The resumption of Congress and the certification of Joe Biden’s victory on 7 January sent an essential message that the democratic will of the US people cannot be challenged by a violent minority.
In the wake of what happened on Capitol hill, politicians around the world looked on in condemnation at the incendiary language of Mr Trump—without regretting how close a relationship they had formed with the President. Sadly, though, the same cannot be said for political figures in this Government. So I must ask the Foreign Secretary whether he and his party regret cosying up to Trump, kowtowing to him and legitimising him and his racist, climate change-denying rhetoric, or will they remain eclipsed by any populist leader who comes along?
I am afraid that the hon. Gentleman’s assertion and caricature are very far from the truth. We made it clear that the scenes by a small but ugly minority in Washington were disgraceful. We also made it clear we had full confidence in the system of checks and balances in the US to provide a definitive result and a smooth transition. We look forward to working with the new Administration.
There were 342 assaults on journalists in America last year and there have been 13 further this year. Will my right hon. Friend work with the new Administration in America to protect the rights of journalists around the world, and also call on social media companies to do more—[Interruption]—not just to tackle harmful disinformation, but to make sure that social media platforms are not used to incite attacks against journalists?
It’s Amazon, is it? Okay. Thank you, Mr Speaker, as ever.
My hon. Friend is absolutely right. The press must be allowed to cover events without fear or denial of access. We have discussed our concerns about the violent events that we saw at official level, but also at ministerial level. I have done that myself. I can assure him no British journalists were detained. Of course, working with Canada and others, we have a media freedom coalition, and we certainly look forward to co-operating with the US and many others to pioneer that work through our global leadership year in 2021.

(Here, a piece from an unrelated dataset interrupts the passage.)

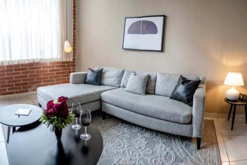 Las suites del hotel están pensadas para que cada estancia sea relajante. Amplios espacios, cama King size, sala de estar, cocineta equipada y televisión de pantalla plana hacen que quedarse en la habitación sea una experiencia cómoda y placentera.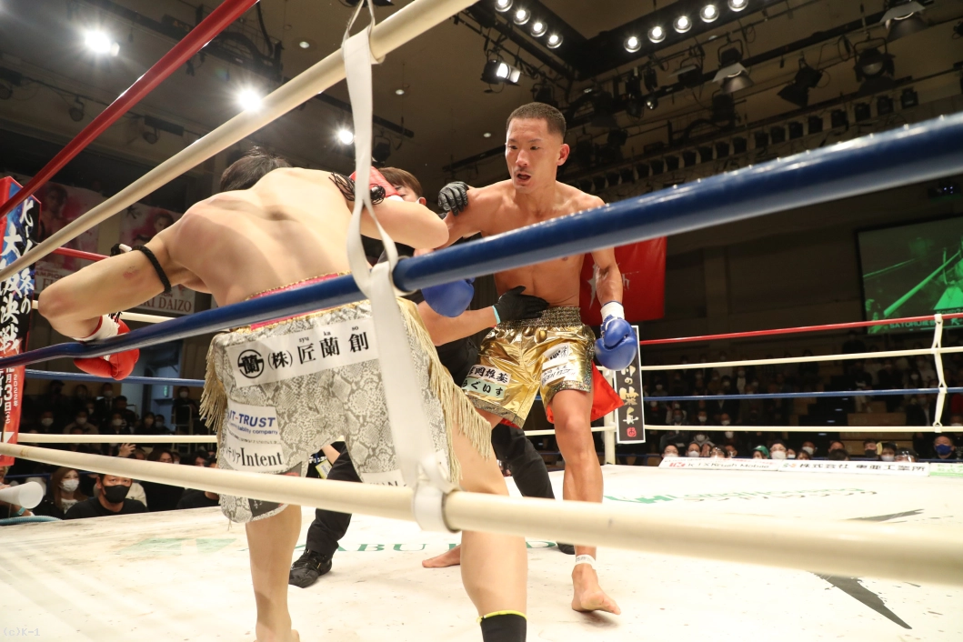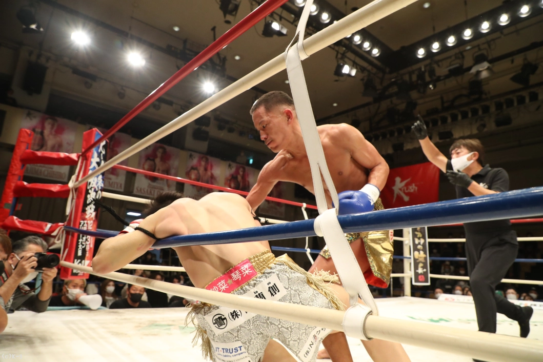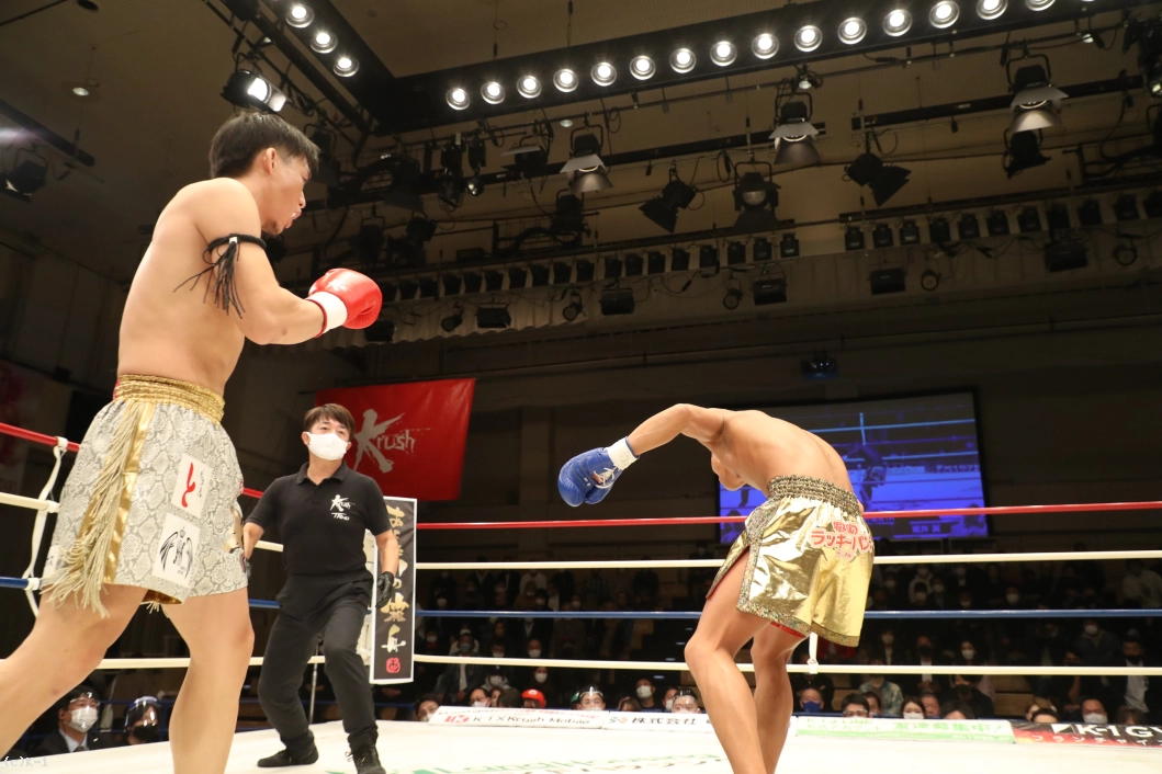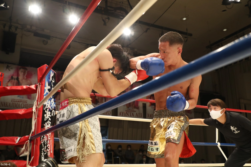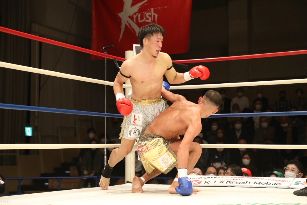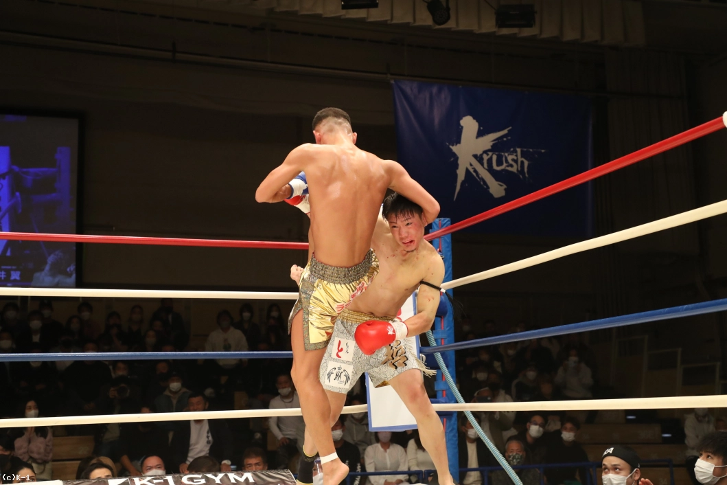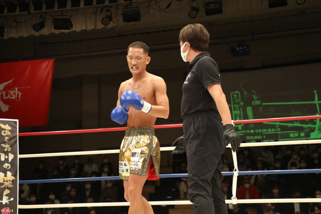 しかし堀井はダメージ少なく猛然と反撃し、飛びヒザから連打を見舞い、右アッパーを決めダウンを奪い返す。

Today, we all utterly condemn the lawless and violent storming of the US Capitol on 6 January, with the FBI identifying the involvement of far-right activists and domestic terrorists. It is clear that, week after week, President Trump’s behaviour, undermining the electoral victory of President-elect Biden, played a key role in inciting the mob. Does the Foreign Secretary believe that this violent episode has damaged democracy, and what urgent steps can be taken to mend the sense that our Government were lukewarm around the election time and failed to uphold the sense of democracy that we all deeply care about?
I say to the hon. Lady that the UK was not lukewarm, and she must have missed the Prime Minister’s statement in which he was very clear that what President Trump should have done—[Interruption.] We do not conduct diplomacy by Twitter, unlike the hon. Member for Wigan (Lisa Nandy). We were absolutely clear about it. At the same time, we are also confident in the US system of checks and balances, and we are very much looking forward to working with the new Administration.